La décision de la Chambre de première instance a porté sur trois points principaux: la question de savoir si elle a compétence pour connaître des crimes dont Ivica Rajić est accusé; la question de savoir s’il existe des raisons suffisantes de croire qu’Ivica Rajić a commis les crimes mis à sa charge; et le manquement de la Croatie et de la Fédération de Bosnie-Herzégovine à l’obligation de procéder à son arrestation.

La nature du conflit

La Chambre de première instance II a confirmé qu’un conflit armé international avait eu lieu entre la République de Bosnie-Herzégovine et la République de Croatie à l’époque de la commission des crimes allégués. Cette conclusion est étayée par i) la participation directe de la Croatie et ii) une relation d’agents entre le gouvernement de Croatie et les Croates de Bosnie. Cette conclusion de la Chambre de première instance lui donne compétence au regard de certains des crimes dont Ivica Rajić est accusé, à savoir des infractions graves aux Conventions de Genève, aux termes de l’article 2 du Statut du Tribunal. Ces crimes ne sont du ressort du Tribunal que s’ils sont présumés avoir été   commis pendant un conflit armé international.

Pour établir la compétence de la Chambre de première instance en matière d’ infractions graves, il est également nécessaire de montrer qu’elles étaient dirigées contre des personnes protégées aux termes de la IVème Convention de Genève, à savoir que ces personnes étaient des civils non ressortissants de l’État ou des États sous les auspices desquels les crimes ont été commis. De ce point de vue, la Chambre a conclu que « les résidents civils  du village de Stupni Do étaient, aux fins des dispositions de la IVème Convention de Genève, des personnes protégées vis-à-vis des Croates de Bosnie parce que ces derniers étaient contrôlés par la Croatie ». La Chambre a conclu en outre que le village de Stupni Do constituait également un bien protégé aux termes de la Vème Convention de Genève.

Le Tribunal a également déterminé sa compétence pour juger les crimes mis à la charge de l’accusé en vertu de l’article 3 du Statut (violations des lois ou coutumes de la guerre).

La participation d’Ivica Rajić

Afin d’établir qu’Ivica Rajić avait personnellement pris part aux crimes allégués, le Tribunal devait tout d’abord établir l’existence de ces crimes. La Chambre a conclu que « les éléments de preuve présentés par le Procureur fournissent une base suffisante pour conclure qu’il y a bien eu  destruction sans motif du village de Stupni Do, destruction de biens, homicide intentionnel de ses résidents civils et attaque délibérée contre la population civile dans son ensemble.
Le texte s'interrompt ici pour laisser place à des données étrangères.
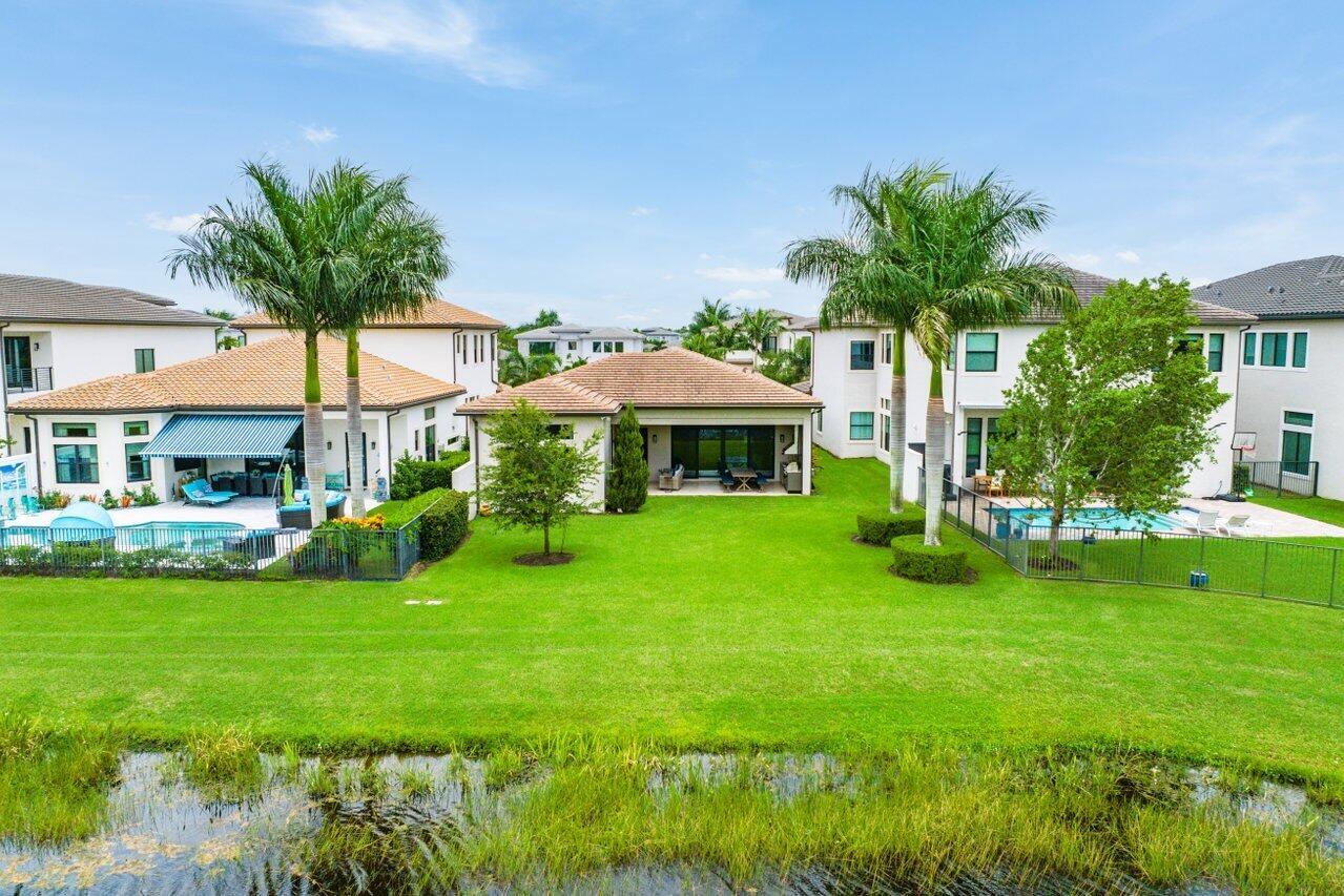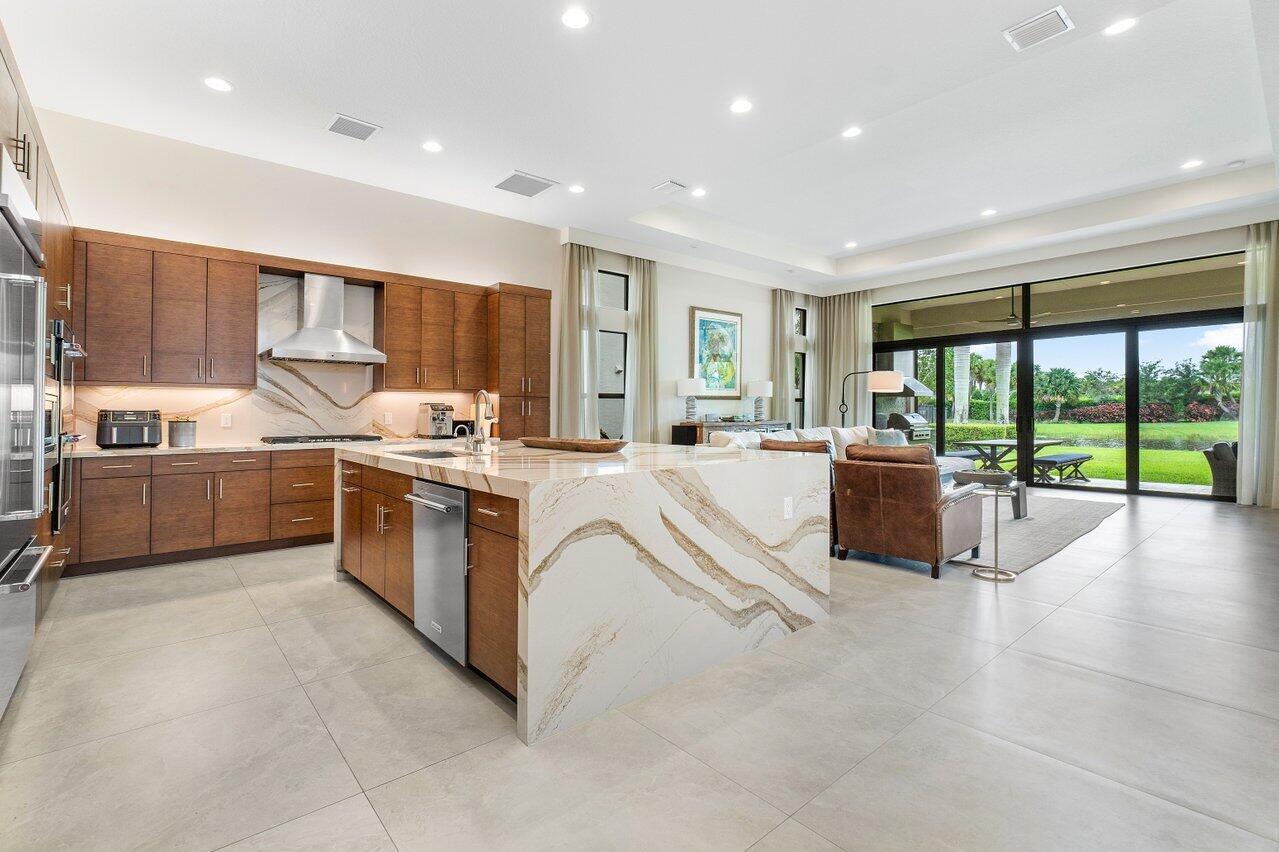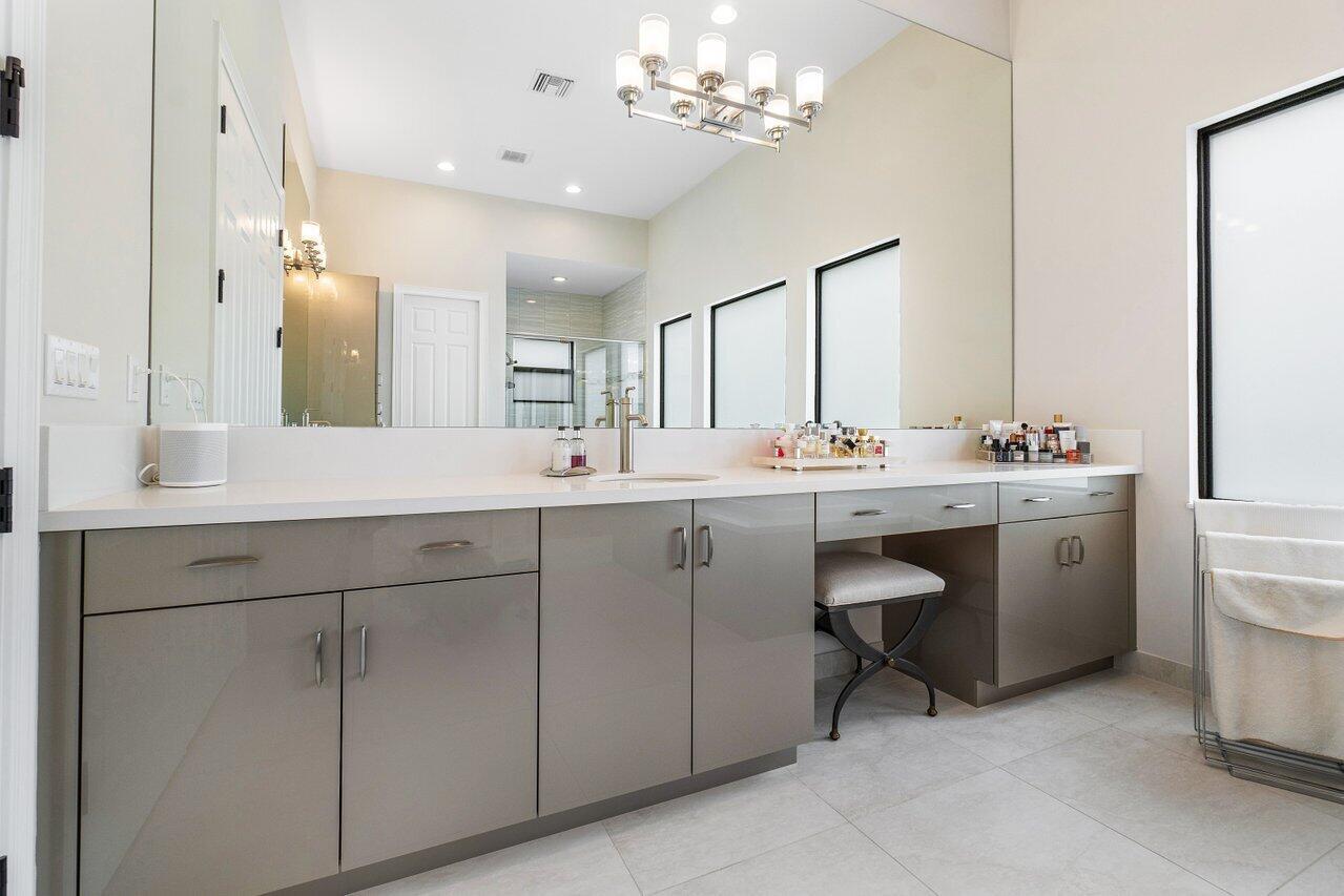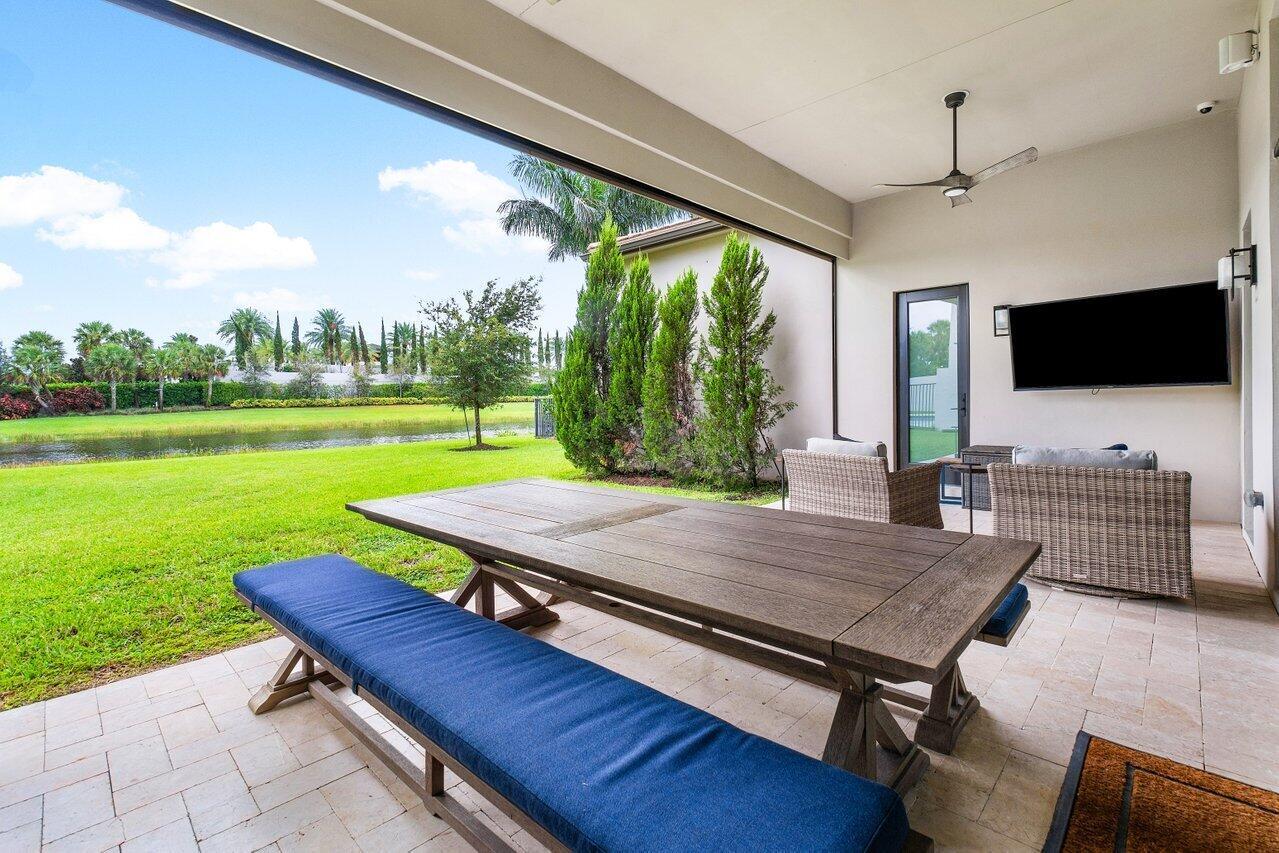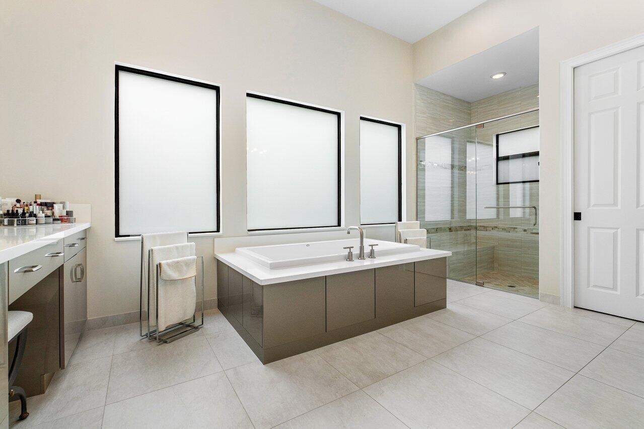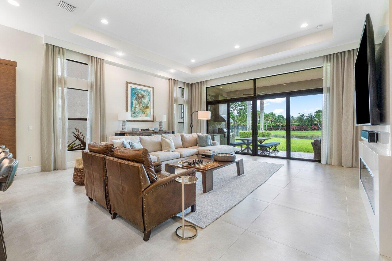 Modern elegance begins before you even enter the home! The contemporary exterior elevation sets the tone for this one-story Seville model in coveted Boca Bridges. Original owner spends half the year in Italy, this property feels brand new. Every inch of this home is upgraded including: gourmet kitchen with upgraded wood cabinetry, oversized waterfall quartz island, Generac generator, AC in garage, custom outdoor kitchen with vented hood, fridge and sink, motorized retractable outdoor screen, custom built-ins, moldings and electronic curtains/shades, full water filtration. This 3 bed (4th optional bedroom currently office) 3.5 bath home is lakefront with views of Italian cypress trees, no rear neighbors! Oversized lot, space for pool and extra land. Boca bridges offers top tier amenities!

Aucun de ces événements n’était justifié par des exigences militaires. »

La Chambre a également fait remarquer que « les éléments rattachant Ivica Rajić à l’attaque de Stupni Do sont significatifs. (. . .) Il existe des preuves qu’Ivica Rajić était informé de l’attaque et qu’il l’avait, en fait, ordonnée. (. . .)Il est également évident que les troupes du HVO dans la région reconnaissaient l’autorité d’Ivica Rajić ».

Manquement à l’obligation d’arrêter l’accusé

Enfin, la Chambre a noté que la Fédération de Bosnie-Herzégovine et la Croatie ne s’étaient pas acquittées de leur obligation de signifier l’acte d’accusation à Ivica Rajić en personne et d’exécuter son mandat d’arrêt. Pour la chambre, « ce manquement peut être attribué au refus de la République de la Fédération de Bosnie-Herzégovine et de la Croatie de coopérer avec le Tribunal international ». La Chambre en a dressé le constat aux fins d’en informer le Conseil de sécurité.